While lying on your side, lift your body up on your elbow and feet. For a challenge, slowly raise up the top most leg upwards, then return. Try and maintain a straight spine the entire time. Hold for 10 seconds on each side and complete 2 times on each side. Do this 3 times per day.

While lying face down, lift your body up on your elbows and toes.

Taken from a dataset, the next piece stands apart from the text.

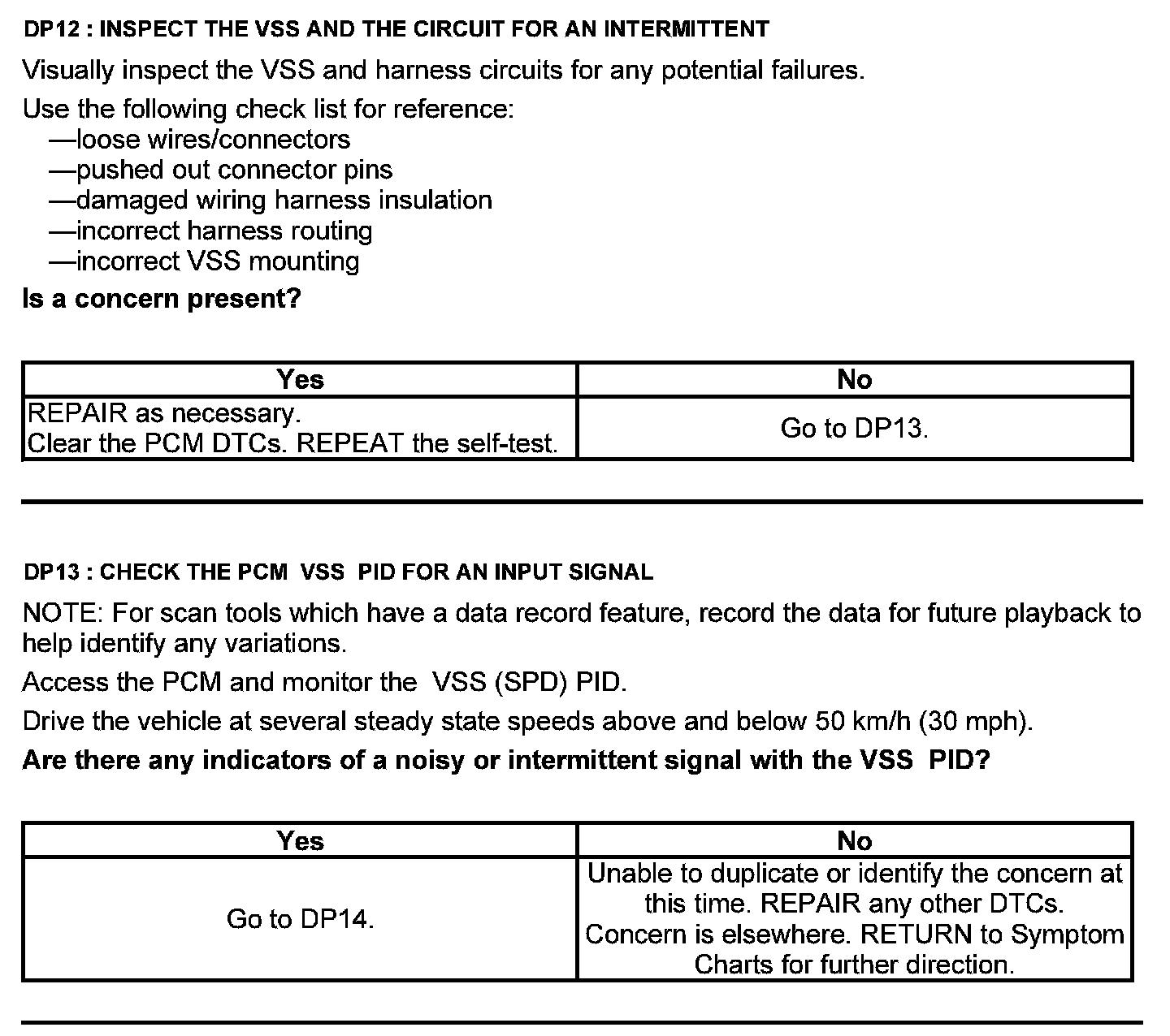 Home >> Ford >> 2012 >> Escape 2WD V6-3.0L >> Repair and Diagnosis >> Powertrain Management >> Computers and Control Systems >> Testing and Inspection >> Pinpoint Tests >> Test DP: Output Shaft Speed (OSS) Sensor/Vehicle Speed Sensor (VSS)

Try and maintain a straight spine. Do not allow your hips or pelvis on either side to drop. Maintain pelvic neutral position the entire time. Complete 2 times holding for 10-15 seconds each time. Do this 3 times per day.

While in a crawling position, brace at your abdominals and then slowly lift a leg and opposite arm upwards. Lower leg and arm down and then repeat with opposite side. Maintain a level and stable pelvis and spine the entire time. Hold for 2 seconds and complete 10 times on each side. Do this 3 times per day.

Start in the kneeling position with the DOWN KNEE closest to the elastic band anchor. Next, with your hands at your chest, slowly move them outward in front of your body until your elbows are extended. Make sure to not allow your trunk to rotate during the exercise. Hold for 1 second, and complete this 10 times with the resistance coming from each side. Perform 3 times per day.

Reach down and pick up a Kettlebell. Be sure that your back is flat the entire time. Hinge at your hips, do not bend at the spine. Repeat 10 times and complete this 3 times per day.